The error is a consequence of basic SQL and relational modeling: columns have
defined types that must be honored row after row. Narrowing Postgres JSON
queries to individual scalars and then force-casting them to one type dooms the
polymorphic data design principle that is so effective in allowing MongoDB to
use a single collection to represent many (sometimes dozens) of individual
tables in Postgres. And in order to do anything useful in the Postgres engine
like type-correct filtering, we must get to individual scalars. Most of the
JSON processing functions in Postgres have two important caveats:
- They only
operate on the topmost fields in the JSON record. This limitation is largely
due to the inability of SQL to deal with the results of recursion.
- Any
functions that extract single scalars return them as type text -- which puts us
right back at that beginning regarding not knowing the basic type!
In summary, using JSON columns and JSON operators in Postgres is scarcely
better than storing JSON in a BLOB.
MongoDB: JSON done right through BSON
MongoDB was designed from the start to
work with rich shapes and a variety of important fundamental types, including
dates and decimal types. Many examples in MongoDB use Javascript because it is
a great way to easily expose both the JSON-like structure of a document as well
as the broad set of native scalar types. Let's insert the same pieces of data
again from the MongoDB CLI using Javascript, only this time using more types at
our disposal:
> db.foo.insert([ {"props": {"a": NumberInt("12"),
"fn": [NumberDecimal("10"),NumberInt("20"),NumberLong("30")] },
"cd": new ISODate("2017-11-22T15:20:34.326Z") } },
{"props": {"a": NumberInt("5"),
"fn": ["mix", 7.0, new ISODate("2017-11-22"), true, {x:3.0}] } }
]);
MongoDB supports drivers in more than 10 languages. Here is a sample in Java
that is the equivalent of the JDBC example:
MongoCursor cc = myCollection.find({},{"props":1}).iterator();
while(cc.hasNext()) {
Map mm = (Map) cc.next();
walkMap(mm); // a representative java.util.Map-based recursive object walker
}
_id: org.bson.BsonObjectId: BsonObjectId{value=5a160154fee383d2d2e746da}
props: org.bson.BsonDocument
a: org.bson.BsonInt32: BsonInt32{value=12}
fn: org.bson.BsonArray
0: org.bson.BsonDecimal128: BsonDecimal128{value=10}
1: org.bson.BsonInt32: BsonInt32{value=20}
2: org.bson.BsonInt64: BsonInt64{value=30}
_id: org.bson.BsonObjectId: BsonObjectId{value=5a160154fee383d2d2e8a55}
props: org.bson.BsonDocument
a: org.bson.BsonInt32: BsonInt32{value=5}
fn: org.bson.BsonArray
0: org.bson.BsonString: BsonString{value='mix'}
1: org.bson.BsonDouble: BsonDouble{value=7.0}
2: org.bson.BsonDateTime: BsonDateTime{value=1511308800000}
3: org.bson.BsonBoolean: BsonBoolean{value=true}
4: org.bson.BsonDocument
x: org.bson.BsonDouble: BsonDouble{value=3.0}
Unlike the objects vended by the Postgres JDBC driver, each and every data
element in the material returned by MongoDB has a specific type, including
useful Map-based Document objects (props itself and item 4 in the
array). There is no parsing, no ambiguity, no misinterpretation, and no wasting
time converting data in and out of the database.

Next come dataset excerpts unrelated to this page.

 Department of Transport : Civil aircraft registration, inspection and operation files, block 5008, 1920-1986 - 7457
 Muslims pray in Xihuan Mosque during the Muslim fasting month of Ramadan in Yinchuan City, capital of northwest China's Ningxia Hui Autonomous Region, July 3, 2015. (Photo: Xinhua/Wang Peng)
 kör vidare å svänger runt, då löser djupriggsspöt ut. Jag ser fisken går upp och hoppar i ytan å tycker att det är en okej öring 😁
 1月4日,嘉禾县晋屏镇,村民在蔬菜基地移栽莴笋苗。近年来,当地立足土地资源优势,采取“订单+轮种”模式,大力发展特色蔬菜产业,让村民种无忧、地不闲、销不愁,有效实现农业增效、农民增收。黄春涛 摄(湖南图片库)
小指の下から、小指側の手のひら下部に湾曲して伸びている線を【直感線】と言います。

Data extracted in Java, adjusted, saved, then extracted later in another
language like Python enjoys 100% driver-guaranteed "roundtripability":
- Dates
will not be turned into strings or worse, as strings, accidentally changed from
YYYYMMDD to YYYYDDMM.
- Integers will not be silently promoted into floating
point numbers, and floating point numbers will not get fractional components
accidentally truncated to yield an integer.
- Penny-precise decimal
representations critical for financial services applications remain
penny-precise.
- Binary data (another fundamental type in MongoDB not appearing
in JSON) like SHA2 digital signatures, encrypted data, audio and video clips,
etc. moves to and from the client seamlessly without concerns about encoding,
UTF string management, etc.
How This All Impacts Productivity
This is only the tip of the Developer Productivity iceberg that is JSON in
Postgres. At the heart of it, Postgres, SQL, O/JDBC, and relational modeling is
simply not designed to accommodate key/value objects and array objects as first
class native types. More advanced and useful needs like array manipulation and processing,
sophisticated facet grouping, functional operators (e.g. map and reduce and filter),
graph-capable self- and other-collection lookups are either not possible or
extremely difficult to code, test, and robustly deploy in SQL.

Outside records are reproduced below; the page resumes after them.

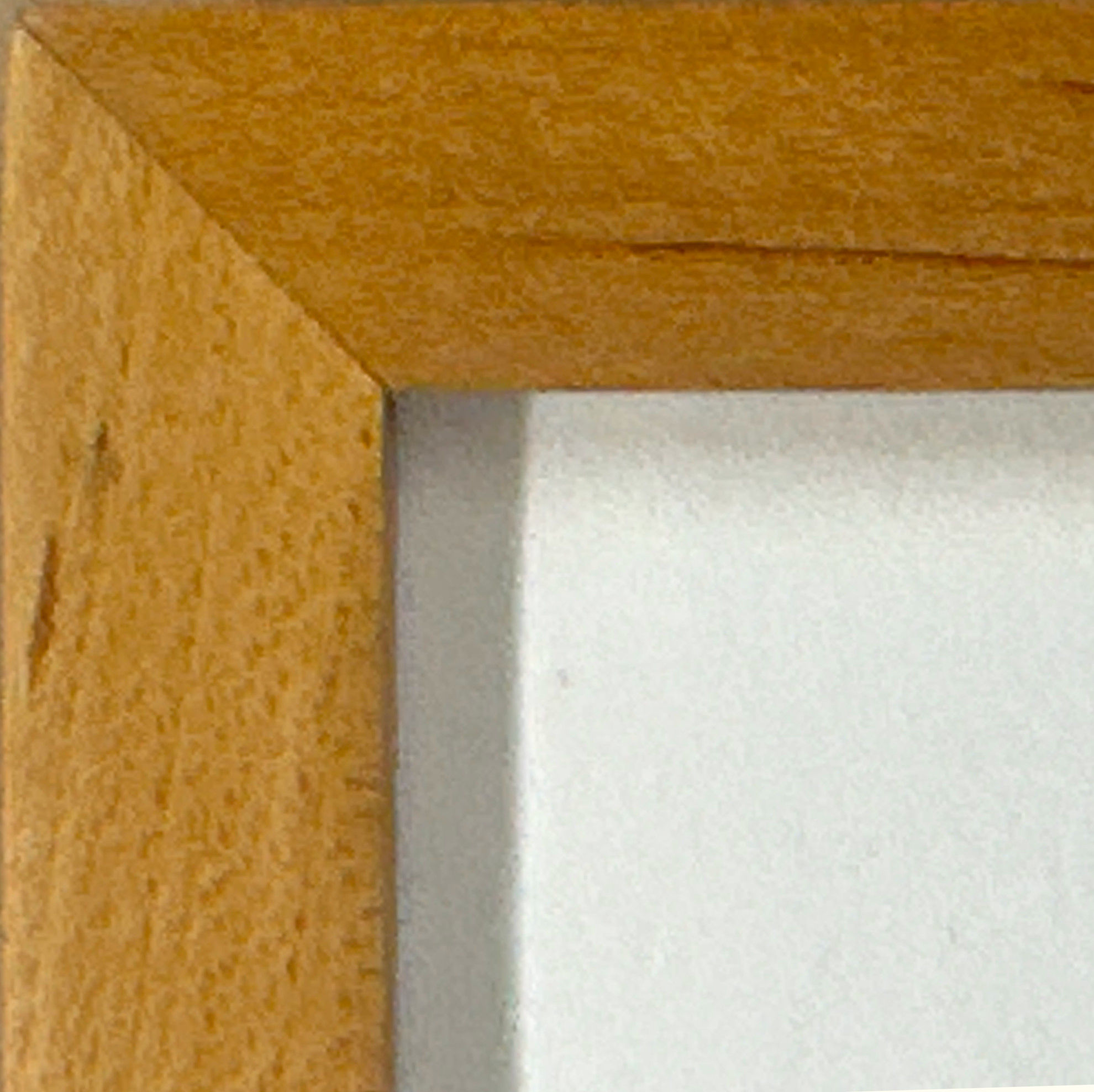 Custom framed in a solid beech frame behind 99% UV-blocking art glass using strictly conservation-grade materials.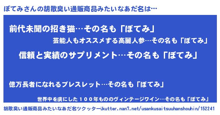 | 意味不明あだ名 | 『とにかく怪しいぼてみ』『自称ぼてみ』 |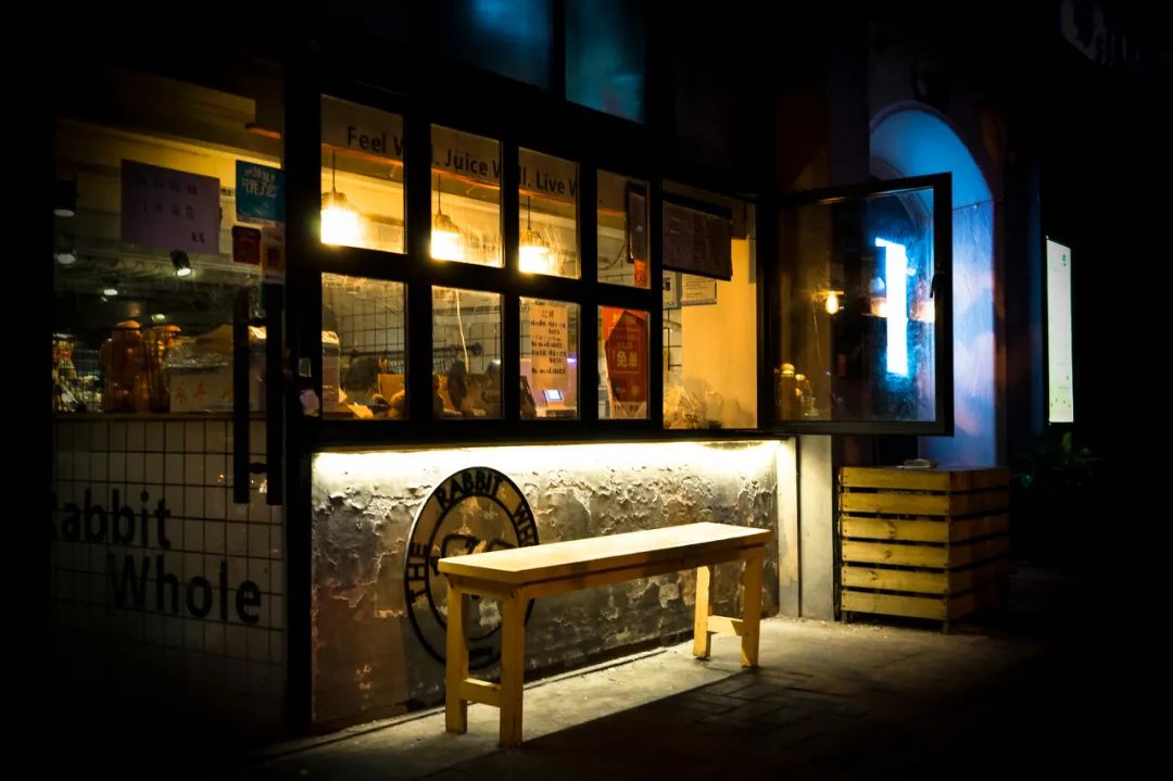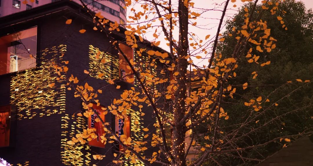 朦胧的夜晚,沉寂了一天的酒吧开始热闹起来,在安静的老梧桐下,欢愉地享受秋夜。在酒吧小酌几杯,喝到微醺后,推开门天是漆黑的,但却散发出一种奇妙的朦胧感。原来深秋已经把这里染成黄色了。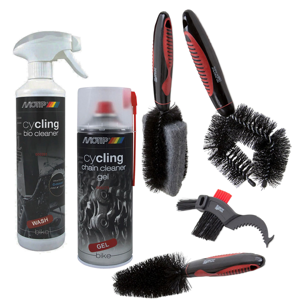 Bespaar op aanschaf- en verzendkosten met dit Valuepack. Een goed onderhouden fiets rijdt fijner, ziet er beter uit en zal het langer uithouden. Motip Cycling kettingreiniger gel is een hoogwaardige reiniger voor kettingen en tandwielen. Chain Cleaner Gel heeft door zijn unieke receptuur een optimaal reinigende werking en is uitermate geschikt voor het verwijderen van vet en vuil. Met een krachtige sproeistraal en een 360° ventiel. Motip Cycling Bio Cleaner is een biologisch afbreekbare reiniger met een hoog oplossend vermogen die op de gehele fiets aangebracht kan worden. Bio Cleaner laat hierbij een subtiele geur achter. De reiniger is vriendelijk in gebruik en erg effectief, gemaakt op waterbasis. 500 ml. Met deze complete 4-delige borstelset is je fiets in een handomdraai schoon. Deze set bevat ieder type borstel, welke nodig is om de gehele fiets te reinigen. De borstels worden geleverd in een handig draagtasje en bevat: – Banden- en frameborstel – Wiel- en onderdelenborstel – Schuurspons/borstel – Aandrijflijn borstel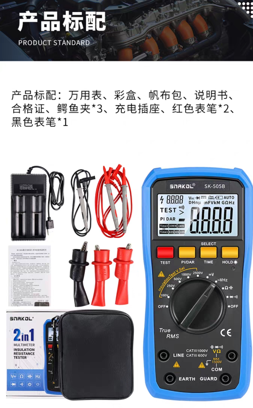 型號(hào):SK-505B;功能參數(shù):額定電壓50v-2500v,測(cè)量范圍0.5mΩ-50GΩ,交/直流電壓6v-1500v,通斷蜂鳴,數(shù)據(jù)保持,自動(dòng)關(guān)機(jī),尺寸:189mm*89mm*55mm

Let's assume that "Developer Productivity" may be defined as a simple
percentage
time developing revenue features
--------------------------------
total time
where total time includes
debugging, testing, framework development, 3rd party tool installation,
stack version conflicts and resolution, etc., etc.
- Activities such as
designing and writing an auction algorithm and a visual representation
of asset distribution are revenue features. This is where you want to spend all your time.
- Non-revenue activities include installing Tomcat, configuring an ORM, base64 wrapping all potential
byte arrays, resolving the 3 open source dependencies on different versions
of apache commons, and dealing with 2 security scan issues on code that maven dragged in that
you didn't know about. You want to spend zero amount of time on these activities.
Productivity is
negatively impacted by non-revenue activities because
time and bug remediation effort is required to accommodate them. It
is not possible to simply dismiss them because doing so means something else must step in to provide the capabilities. For example, you cannot simply set
aside the fact JSON does not support dates as a native type; you must do
something, somewhere in your stack to accomodate for this so that a real date
e.g. java.util.Date is used by your application. Letting the application
itself handle the problem is a non-scalable architecture and dooms
the system to bugs and reconciliation errors as individual applications make
decisions about how to deal with the data.
Modern programming teams typically seek object-oriented capabilities in
their data access layers and
this is typically is in the form of Object/Relational Manager software or
ORM. It is widely recognized and accepted that ORMs quickly generate negative
productivity impact as data designs evolve past the most basic, and ultimately
become the blockers for innovation. On the surface, using Postgres JSON would
appear to perhaps attenuate this problem a bit by moving the really rich
structure from an n-way JOIN to a piece of JSON, but in reality you are
trading one problem for another.
In summary, although developers have long enjoyed a broad set of useful scalar
types that can be precisely and easily moved from Postgres into a rectangular
ResultSets, this ecosystem does not extend to Documents and rich shapes. Only
MongoDB brings such capabilities to the Document space.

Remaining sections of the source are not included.